CONTEXT (this tick observation -- current episode only)
  "You see 2 berries nearby, health=100, explored 0%"

QUERY TOOLS (now include persistent data from past episodes)
  get_episode_summary(count=3)     -> "Last run: berry cluster NE, died to fire at center"
  query_spatial_memory(pos, radius) -> includes locations from previous episodes with confidence
  get_strategy_notes()              -> "Craft torch before exploring (confirmed 2x)"
  recall_location("workbench")      -> "(5, 0, 8) -- seen in 3 previous episodes"
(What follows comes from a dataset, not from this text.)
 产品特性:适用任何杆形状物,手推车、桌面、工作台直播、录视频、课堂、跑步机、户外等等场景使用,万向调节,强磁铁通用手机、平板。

ACTION TOOLS (this tick decision -- unchanged)
  move_to(...)  |  collect(...)  |  craft_item(...)  |  explore(...)

Per-Episode Lifecycle

Episode starts
    |
    v
Agent plays (ticks 1..N)
  - Current observations via context
  - Query tools return current + persistent memory
  - SpatialMemory tracks object locations this episode
  - EpisodeMemoryManager tracks key events this episode
    |
    v
Episode ends (agent dies, time runs out, objective met)
    |
    v
Post-Episode Processing
  1. Generate episode summary (score, key events, decisions)
  2. Merge spatial knowledge into persistent store (with confidence)
  3. Evaluate strategies (which decisions correlated with good outcomes?)
  4. Save to persistent store
    |
    v
Next episode starts with richer memory

Persistent Store

Simple file-based storage per agent (no database needed at this scale):

persistent_memory/
  agent_001/
    episodes.json        # Episode summaries with scores and key events
    spatial_knowledge.json  # Aggregated object locations with confidence scores
    strategies.json      # Learned strategies with confirmation counts

Three Layers of Learning (Implementation Phases)
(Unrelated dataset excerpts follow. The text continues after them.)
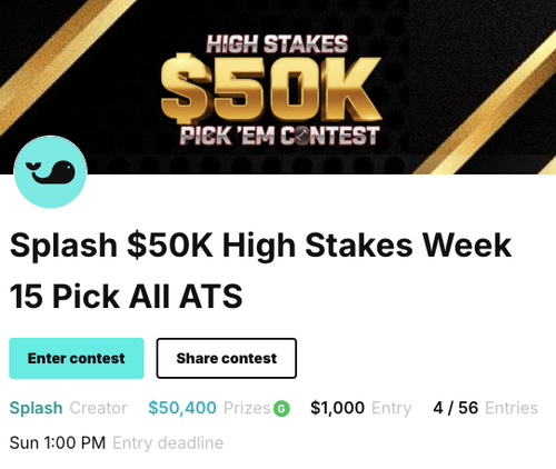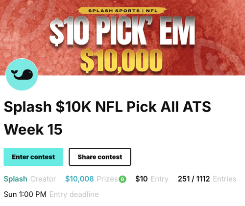 Splash $10K High Stakes Pick All ATS – A $10 entry contest featuring $10,008 in guaranteed prizes. Entrants make ATS selections for all 13 games on the slate and can lock in one “Best Pick” for double points. The top three finishers earn $1,271.17, $1,000.80, and $750.60 respectively. Single-entry only, for players ready for high-stakes competition.
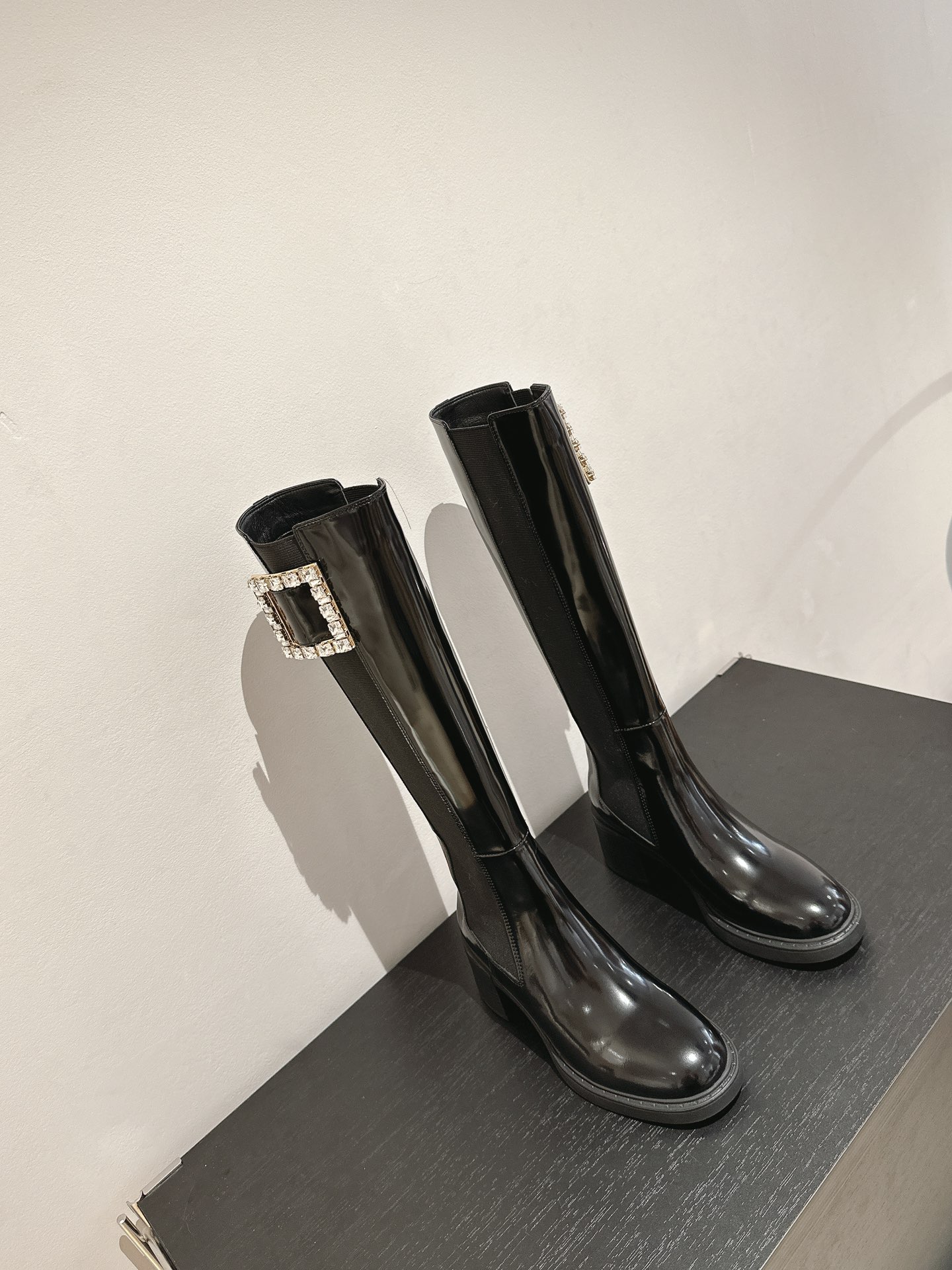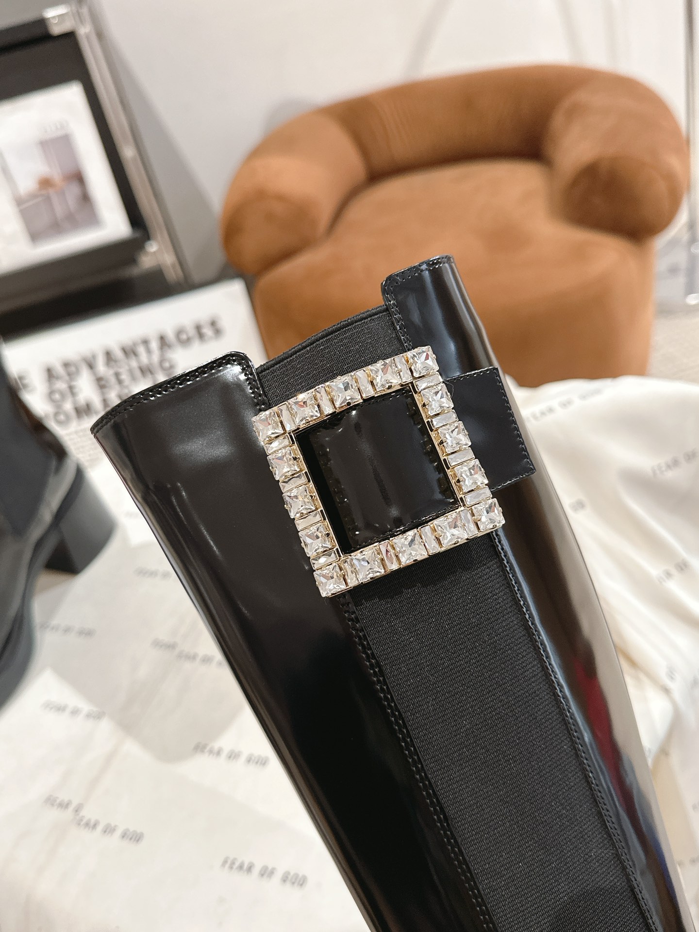 👗RogerVivier" | 2023 ss New counter model, same style as Da Mi Mi, square buckle chunky heel thick platform knight boots new arrival 〰 ★★★★★ Recognize the top-quality purchasing agent level! Produced by Taiwanese-funded factory! ◽Upper: Original custom waxed calfskin paired with ✘ original molded decorative buckle ◽Lining: Specially blended sheepskin lining ◽Outsole: Original molded anti-slip combination outsole ◽Shoe size: 35-39 (40 41 custom orders cannot be returned or exchanged) ◽Original counter full set of luxurious packaging
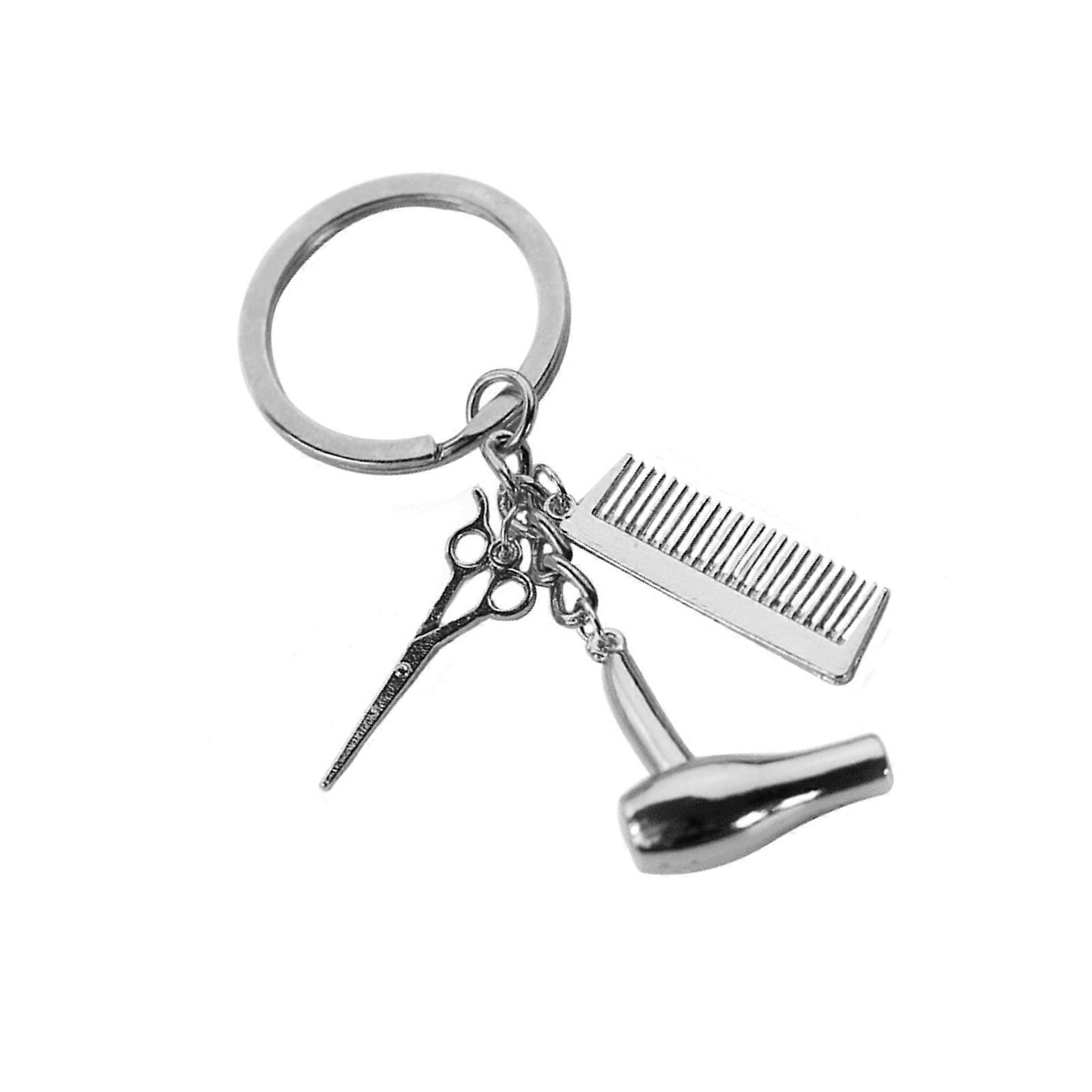 Compact Hair Styling Tools Keychain Made Of Premium Alloy Perfect For Car Keys Bag Charm Trendy Jewelry Gift Silver
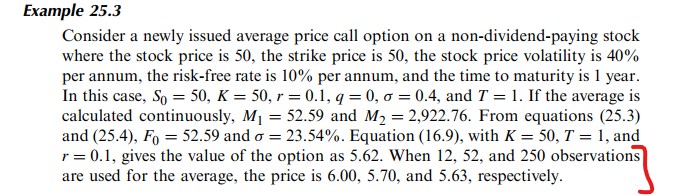 For people familiar with Hull's Example 25.3 (8th edition, the Futures) - would appreciate some advice. I was wondering if there's some information missing in that problem/example....when he writes "when 12, 52, 250 observations are used for the average, the price is 6,...." - I'm not sure what F and sigma to use for these observations. Also, for people who have used his Derivagem software, I can't see where I would even enter that information. What am I missing......?

Layer 1: Factual Memory (what happened)

Store raw observations and events from past episodes.

  • Episode summaries: "Collected 4 berries, took 15 damage, score 62"
  • Object locations: "Berries seen at (10,0,5), (12,0,3) in Episode 3"
  • Events: "Took fire damage at (5,0,5) on tick 23"
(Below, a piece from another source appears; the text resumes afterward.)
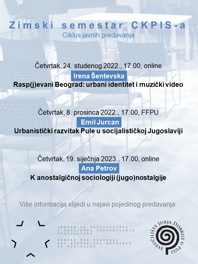Ciklus javnih predavanja Zimski semestar CKPIS-a nastavlja arhitekt i urbanist Emil Jurcan temom Urbanistički razvitak Pule u socijalističkoj Jugoslaviji. Predavanje će se održati u četvrtak, 8. prosinca 2022., u 17.00 sati u Dvorani Slavka Zlatića, u prizemlju Filozofskog fakulteta u Puli, Matetića Ronjgova 1. [VIDEO] [Radio Rojc] [Istra24] [GlasIstrePDF]
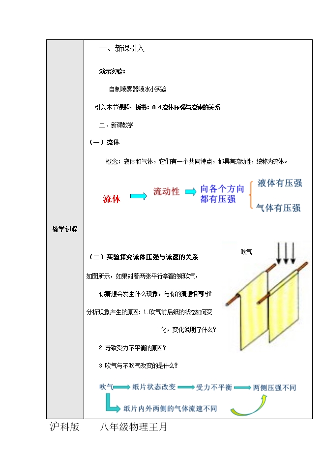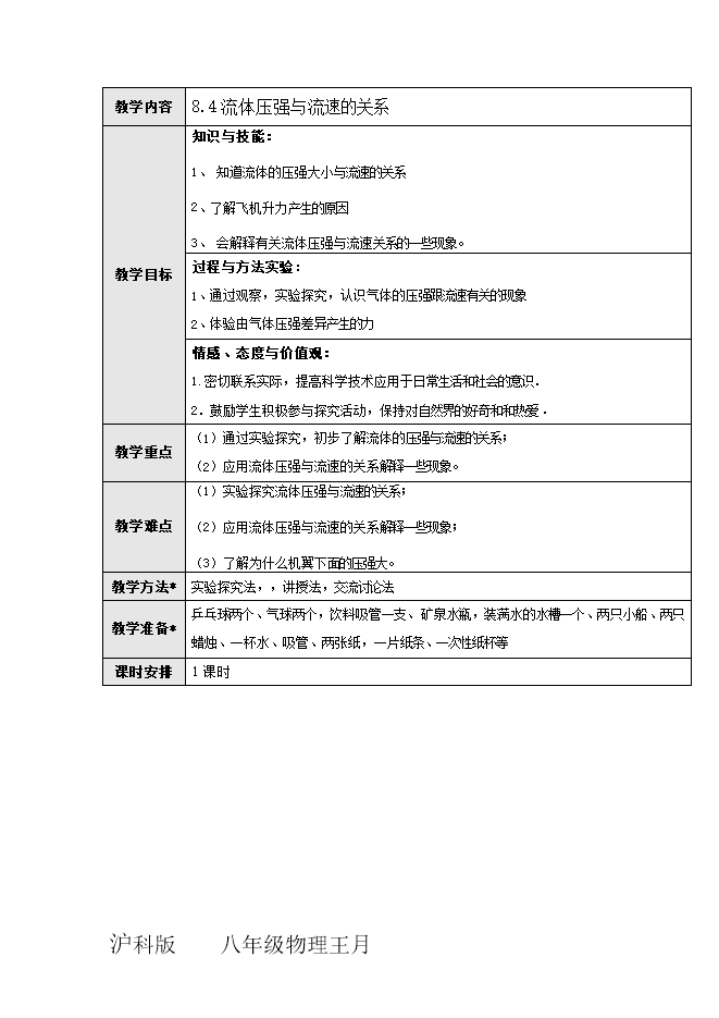 沪科版八年级物理《8.4流体压强与流速的关系》ppt课件+教案(市级优课)

AI concepts learned: Memory storage, retrieval, recency weighting

Layer 2: Pattern Recognition (what recurs)

Aggregate facts across episodes to identify reliable patterns.

  • "Berries consistently spawn in NE quadrant (seen 4/5 episodes, high confidence)"
  • "Fire always appears near center (seen 3/5 episodes)"
  • Confidence scores decay if patterns are not confirmed in recent episodes

AI concepts learned: Statistical aggregation, confidence scoring, belief updating

Layer 3: Strategy Learning (what works)

Track which decisions led to good outcomes across episodes.

  • "Episodes where I crafted torch first scored 40% higher on average"
  • "Exploring before collecting leads to better resource discovery"
  • "Approaching fire from the east is safer (less damage taken)"

AI concepts learned: Reward attribution, strategy evaluation, counterfactual reasoning

Existing Code to Build On

Component Status What is Needed
EpisodeMemoryManager Exists -- tracks within-episode events, detects boundaries Add persistence to disk between episodes
SpatialMemory Exists -- grid-based index with staleness tracking Add cross-episode merge with confidence decay
Episode summaries Exists in EpisodeMemoryManager Add post-episode summary generation and storage
Strategy notes Does not exist New: track decision-outcome correlations
Persistent store Does not exist New: JSON file per agent that survives restarts
Confidence scoring Does not exist New: track how many episodes confirm a pattern

Implementation Plan

Phase 1: Persistence Layer (2 days)

  • Create PersistentMemoryStore class (JSON file read/write per agent)
  • Add episode boundary hooks: on_episode_start() loads, on_episode_end() saves
  • Store episode summaries with score, key events, tick count, timestamp
  • Expose get_episode_summary(count=N) as query tool returning past N episodes

Phase 2: Spatial Persistence (2 days)

  • On episode end, merge current SpatialMemory into persistent spatial store
  • Add confidence scores: objects seen in multiple episodes get higher confidence
  • Add recency decay: old observations lose confidence over time
  • query_spatial_memory() returns both current and persistent results (flagged appropriately)
  • recall_location() searches persistent store for named object types

Phase 3: Strategy Learning with RAG (3-4 days)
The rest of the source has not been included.